- WHAT YOU NEED TO DO -
Take the line that contains "Welcome the holiday" as the start and the last line of the entries as the end, and print both and everything between them exactly, without the pictures.

-.-.-

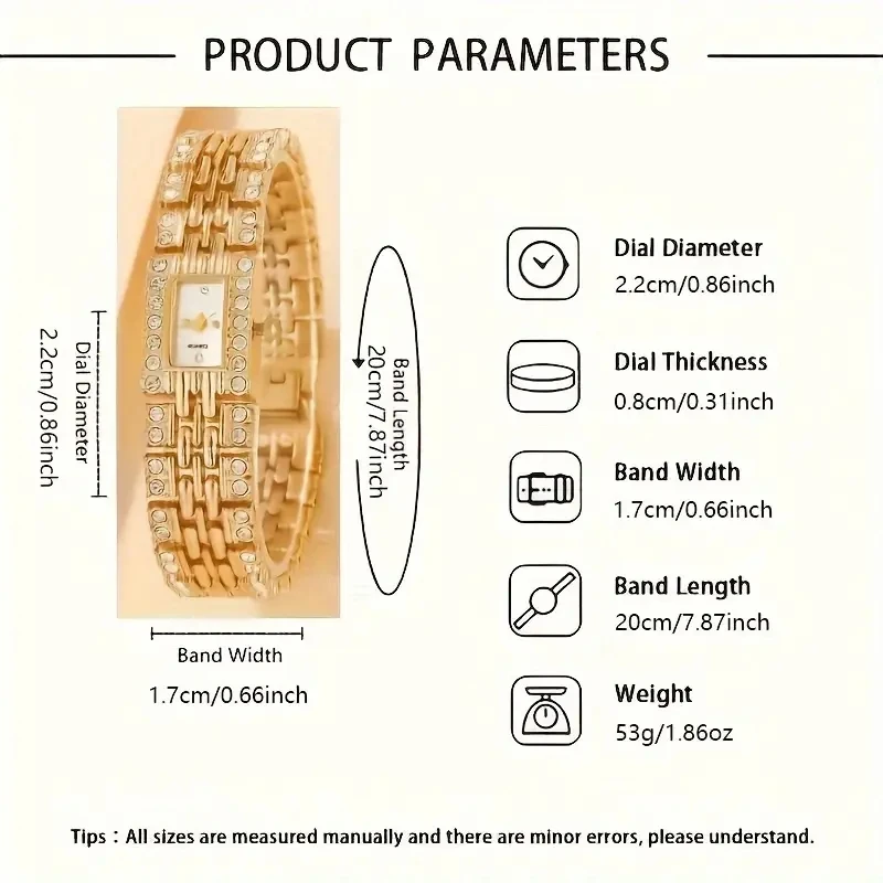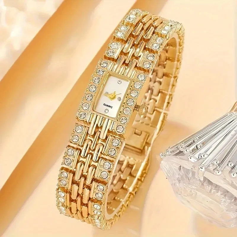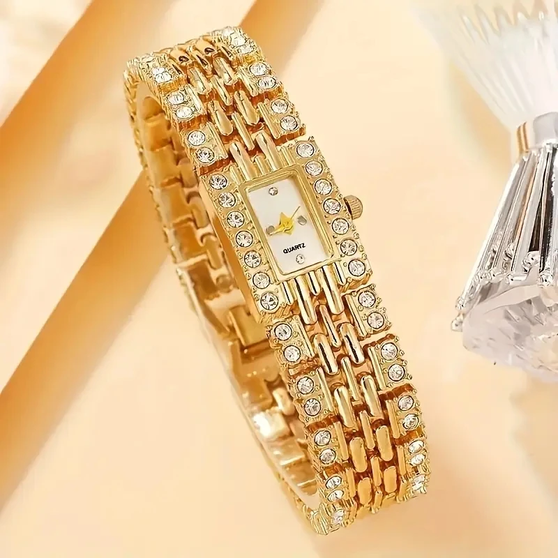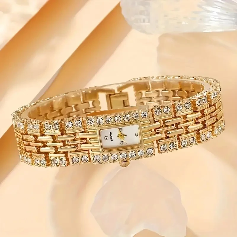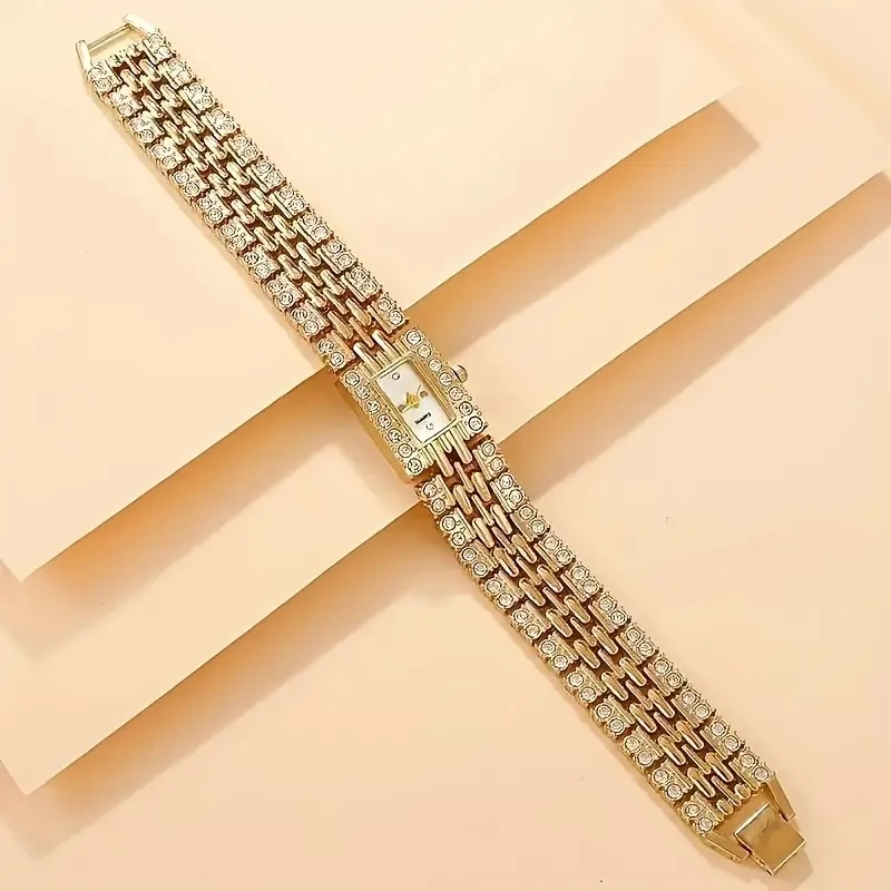 Women's Watch Fashion Rectangular Compact Diamond Set Noble Gold Bracelet Watch
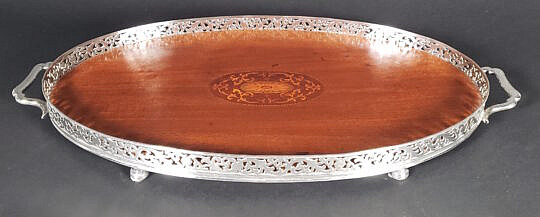 Vintage Inlaid Mahogany and Silver Plated Gallery Serving Tray
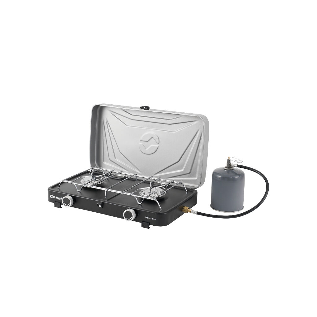 Outwell Mauna Duo er en prisvenlig gaskomfur til udendørs madlavning. Kraftfulde brændere med en effekt på 2 x 3000W i rustfrit stål og individuelt justerbare gasregulatorer for nem effektstyring. Komfuret bruger EN417-gængede engangsflasker for høj fleksibilitet.
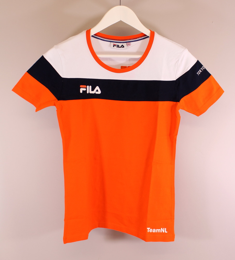 Twee Oranje, blauw, wit T-shirts korte en lange mouw...
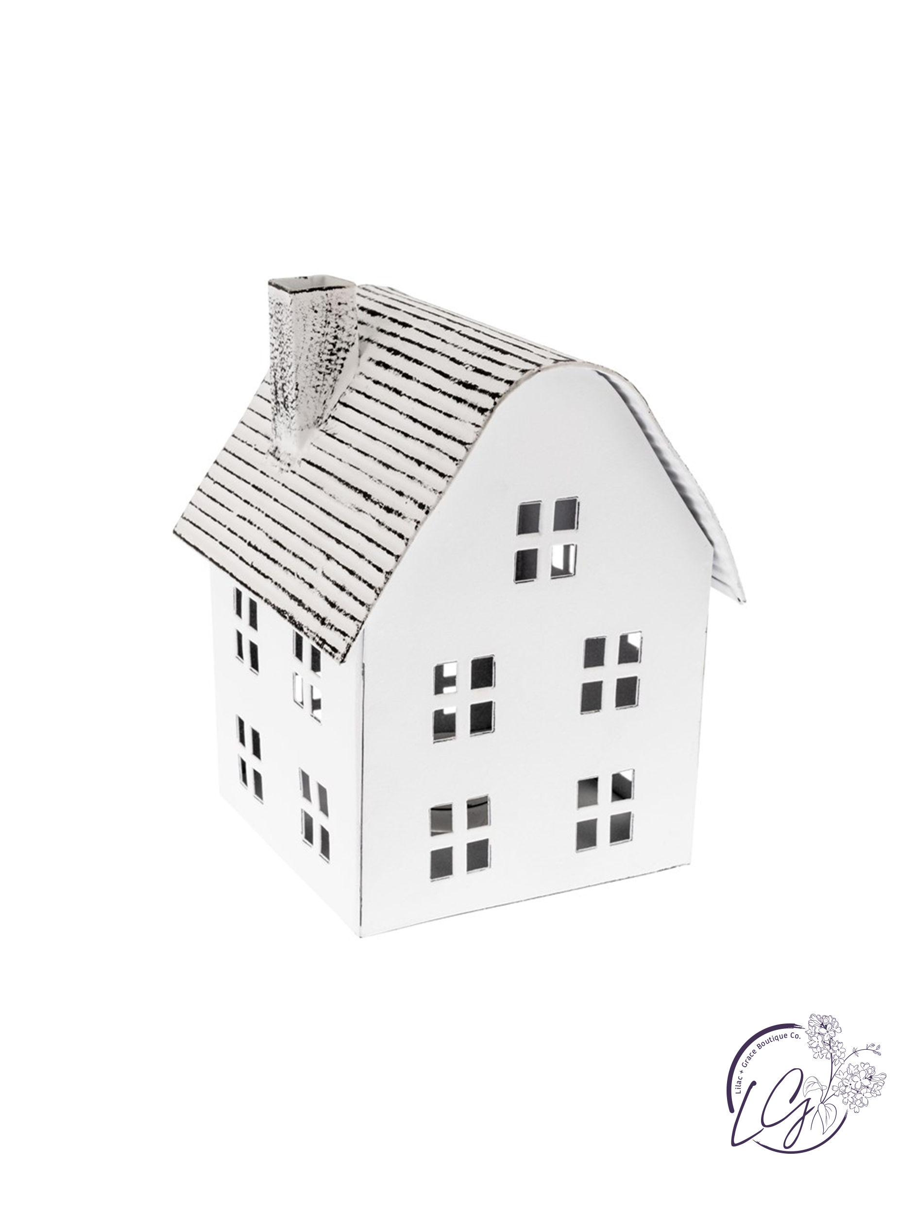 Welcome the holiday spirit with the Metal white barn! Its timeless metal gray finish and festive design brings cozy vibes to your home. Built to hold LED tea lights, it will create a warm and inviting atmosphere, perfect for celebrating the season with family and friends.
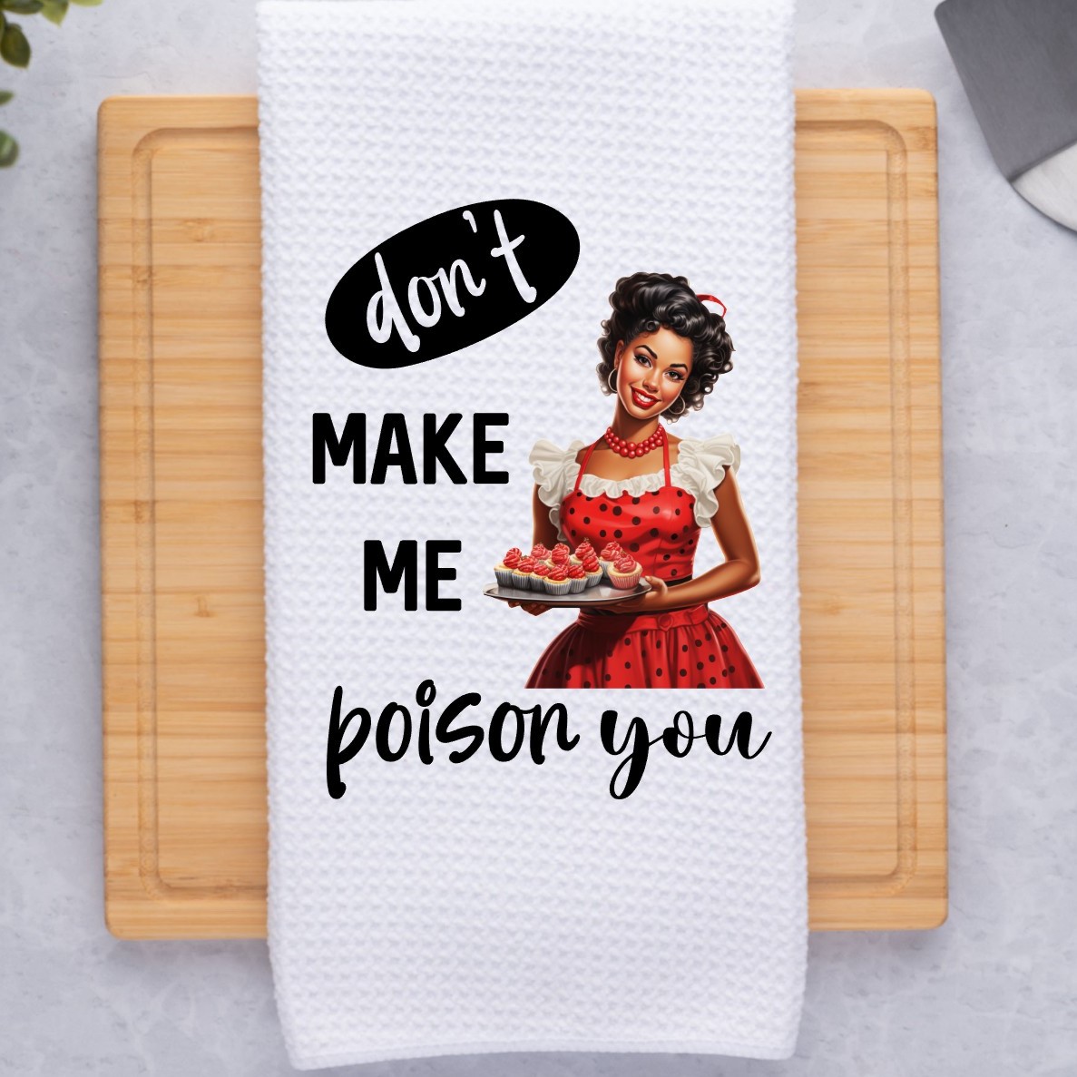 Don't Make Me Poison You African American Retro Housewife Funny Sarcastic Kitchen Dish Towel

-.-.-

- EXPECTED ANSWER -
 Welcome the holiday spirit with the Metal white barn! Its timeless metal gray finish and festive design brings cozy vibes to your home. Built to hold LED tea lights, it will create a warm and inviting atmosphere, perfect for celebrating the season with family and friends.
 Don't Make Me Poison You African American Retro Housewife Funny Sarcastic Kitchen Dish Towel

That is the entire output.